These include its anti-androgen effect, its Sig-R ligand-related activities resulting in early viral replication inhibition, and its blocking protease associated membrane fusion. 58

Several studies have been in favor of continuing anti-cancer therapies with close patient monitoring, despite the pandemic situation. When adjusted for relevant factors, anti-cancer treatments in general had no significant effect on mortality/severity of COVID-19. 32, 41, 44, 47, 49, 51, 53 In agreement, a large multicenter study on nearly 60,000 patients under anti-cancer therapy showed a low SARS-CoV-2 infection rate among these patients, 59 the results of which was confirmed in another smaller study. 60 An important point is to separate toxic and non-toxic anti-cancer treatments, i.e., chemo-vs.
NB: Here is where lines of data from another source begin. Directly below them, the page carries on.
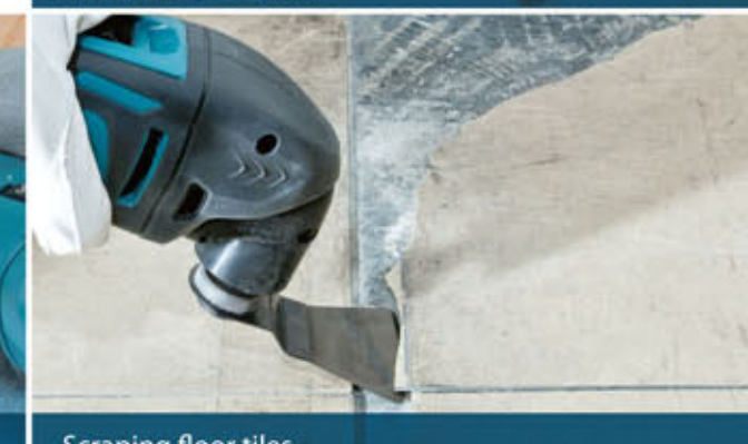
Scraping floor tiles
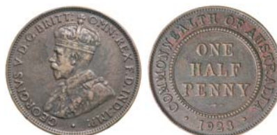
2789* George V, 1923. Diagnostic peripheral die breaks either side, dark brown, nearly very fine and scarce thus.
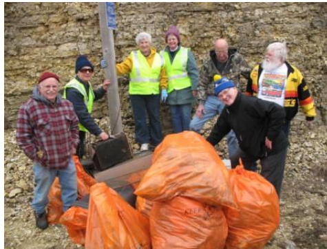
Highway Clean Up 4/15/2013

Page 1.....Editor's Note/Club Meetings/For sale Page 2.....From The Cooks/ Club Get-togethers/notes Page 3/4.....Secretary Noted Page 5.....Let The Season Begin Page 6.....Spring Banquet Page 7.....Calendar
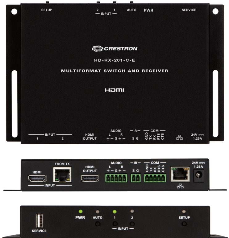
HD-RX-201-C-E Receiver – Top, Front, & Rear Views

input enables plug-and-play simplicity, supporting HDMI, DVI, or Dual-Mode DisplayPort signals via any HDMI input, and VGA, RGB, or component video signals via the VGA input. [2,3] The analog audio input is switched in tandem with the VGA input. [4] The auto-switching behavior can be configured using “priority routing” mode, allowing the installer to define which inputs take precedence over other inputs when connecting multiple sources.
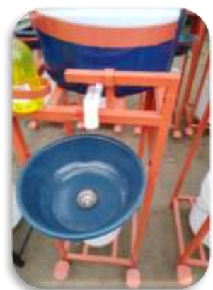
An example of push shower taps

immune/endocrine-therapy. Some investigations support an increased COVID-19 severity and/or fatality in recipients of both therapies, 45 while others only found treatment with immune checkpoint inhibitors alone 52 or chemotherapy alone 46, 56 to be correlated with severe COVID-19 outcomes. In a large study in Norway, recent cancer treatment had no effect on age and sex-adjusted fatality, but anticancer therapy in the past three months led to increased risk of the combined outcome 'death and/or hospital admittance due to COVID-19'. 31 Regarding hormone-therapies, Italian researchers have shown that androgen deprivation therapies in prostate cancer patients have a partial protective effect against SARS-CoV-2 infection and complication, in line with androgen receptor features. 9 However, they indicated estrogen ablation to reduce COVID-19 incidence in breast cancer patients. 61 In confirmation, Bravaccini et al 58 demonstrated a protective role of the selective estrogen receptor modulator Tamoxifen, which was in contrast to the opinion of some, 57,62 but not others who suggest that this drug directly suppresses androgen receptor signaling, hence counteracts SARS-CoV-2. 63 Grivas et al 46 did not find increased severity of COVID-19 following endocrine therapy.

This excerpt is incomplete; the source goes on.